Finding is a feather in the cap for researchers studying birds' big, powerful eyes

Published: Thursday, June 23, 2011 - 14:36 in Biology & Nature

Say what you will about bird brains, but our feathered friends sure have us -- and all the other animals on the planet -- beat in the vision department, and that has a bit to do with how their brains develop. Consider the in-flight feats of birds of prey: They must spot their dinner from long distances and dive-bomb those moving targets at lightning speed. And then there are the owls, which operate nimbly on even the darkest nights to secure supper in swift swoops. Some birds have ultraviolet sensitivity; others have infrared sensitivity. To boot, some birds can even see the Earth's magnetic field.

Much of the credit for avian visual acuity goes to the extraordinary retina, which grows out of the brain during development, making it an official component of the central nervous system. Indeed, the avian retina is far more complex in structure and composition than the human retina, and it contains many more photoreceptors -- rod- and cone-shaped cells that detect light and color, respectively.

While researchers over the years have come to better understand much about the avian retina, many nagging questions remain. For Thorsten Burmester's research team at the University of Hamburg, the question was this: How does such a productive retina sustain itself when the avian eye has very few capillaries to deliver oxygen to it? After all, it has to "breathe," so to speak.

"The visual process in the vertebrate eye requires high amounts of metabolic energy and thus oxygen," Burmester's group writes in this week's Journal of Biological Chemistry. "Oxygen supply of the avian retina is a challenging task because birds have large eyes, thick retinas and high metabolic rates, but neither deep retinal nor superficial capillaries."

To answer the question, Burmester's team took a closer look at a protein that they discovered exists in large quantities in photoreceptor cells of the avian eye -- and only of the avian eye. They named the protein globin E. (The "E" is short for "eye," of course.)

Burmester's team used a number of techniques to characterize globin E and found that it is responsible for storing and delivering oxygen to the retina.

The finding is intriguing for a number of reasons.

Firstly, it helps explain how birds evolved to have such large eyes, relative to their body mass, without a dense network of ocular capillaries for blood delivery. (Some owls, for instance, have bigger eyes than humans.)

"The exact origin of globin E is still somewhat a mystery," Burmester said. "It clearly evolved from some type of globin, but it has no obvious relative outside the birds."

The globins are all thought to share a common ancestor, and the most well-known members of the family are myoglobin and hemoglobin. Myoglobin is responsible for oxygen storage and release in heart and skeletal muscle fibers. Hemoglobin, meanwhile, transports oxygen from the lungs to other parts of the body in red blood cells.
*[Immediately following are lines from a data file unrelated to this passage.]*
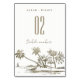 Tropical Beach Palm Tree Sketch Pale Gold Wedding Table Number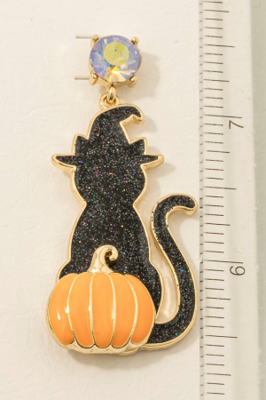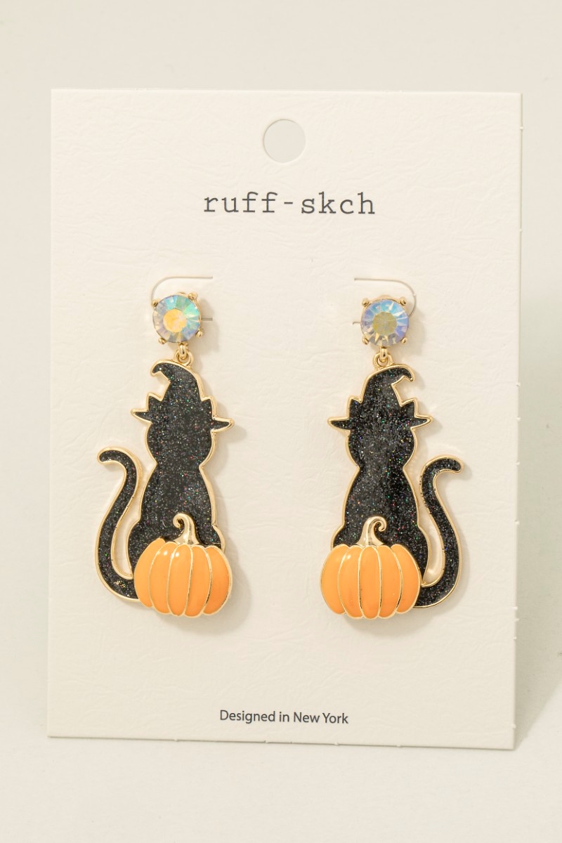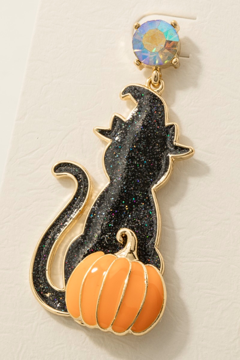 - This pair of dangle earrings brings a luxurious halloween glitter witch cat pumpkin style. Experience the joy of accessorizing with this piece that effortlessly combines versatility and charm.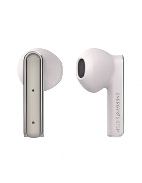 Auscultadores Energy Sistem Style 4 True Wireless, na cor creme, com design compacto e caixa de carregamento incluída.  Utilizam Bluetooth 5.3 para uma ligação estável e oferecem uma autonomia de 5 horas de reprodução contínua de áudio.  Compatíveis com a aplicação Energy Sistem eSmart Connect. Incluem microfone integrado.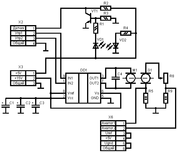 Лабораторная установка состоит из следующих частей: платы управления ПМК, платы двигателя и блока питания. Плата двигателя рис.6.1 состоит из трех блоков: блок датчика скорости вращения, блок управления, блок датчика нагрузки. Плата двигателя подключается к разъемам портов ПМК при помощи разъемов. X2 подключается к порту Р3 и служит для соединения: оптопары (“Датчик”) со входом прерывания INT1, портов Р3.4 Р3.5 с входами блока управления (Упр1 и Упр2). X6 подключается к порту Р6 используя две линии AI6 и AI7 для измерения нагрузки прелагаемой к двигателю с помощью генератора (измерение нагрузки прелагаемой из вне при помощи этой схемы невозможно). Использование двух каналов предусматривается для измерения напряжения двигателя с возможным реверсом когда при вращении в одну сторону измерение происходит с первого канала, а при вращении в другую со второго. Такое распределение получается путем использования делителя напряжения общий конец которого соединен с нулевым проводом и при протекании тока в разных направлениях меняет знак напряжения на концах делителя относительно общего провода на противоположный. Опорное напряжение Uref подается соединением +5В, а нижняя граница (Ugnd) задается соединением с общим.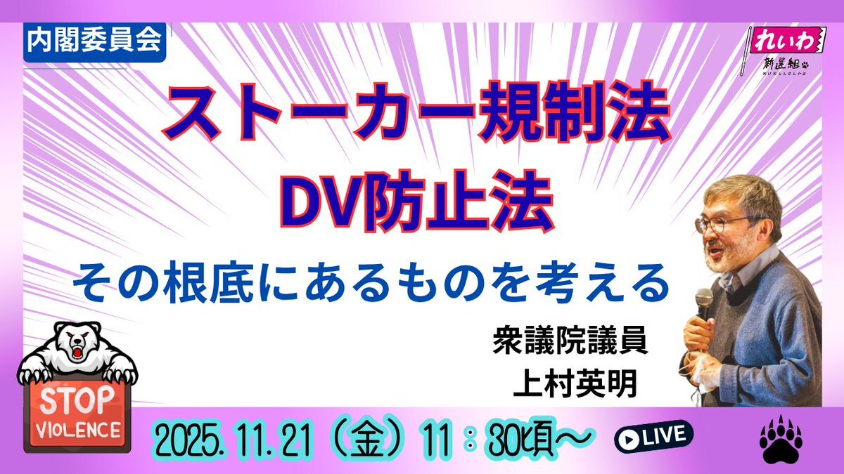朗報! #ストーカー規制法 #DV 11月21日 内閣委員会で、れいわ新撰組の上村秀明議員さんが質問! 時代の波に乗ってきた! 質問時間は11:30頃〜15分程度との事。 #上村秀明 x.com/1215hidepon/st…

Burmester explains: "Bird eyes have evolved to have a system not unlike those in our heart, which uses myoglobin to store and release oxygen to maintain respiration and energy-consumption during muscle contraction. In eyes, oxygen and energy are needed to generate neuronal signals."

Secondly, the finding puts to rest an earlier hypothesis that another molecule, neuroglobin, might be the oxygen-delivery vehicle for the avian eye. Neuroglobin is known to deliver oxygen to brain tissue, so it was only natural to suspect it. But it turns out that the messenger RNA fingerprint of globin E was 100-fold more prevalent than that of neuroglobin in Burmester's chicken retina samples, indicating that neuroglobin probably has another, yet-to-be defined function in the avian eye.

Lastly, globin E is another interesting illustration of the convergent evolution of "myoglobin-like" molecules. Among the organisms with proteins with similar functions are the soybean, which needs its leghemoglobin to deliver oxygen to the Rhizobium soil bacteria that colonize in root nodules, and the 2-foot-long sea worm Cerebratulus lacteus, which needs its mini-hemoglobin to keep its brain and neurons oxygenated when it burrows deep into the sea floor, where oxygen levels are low, in search of clams.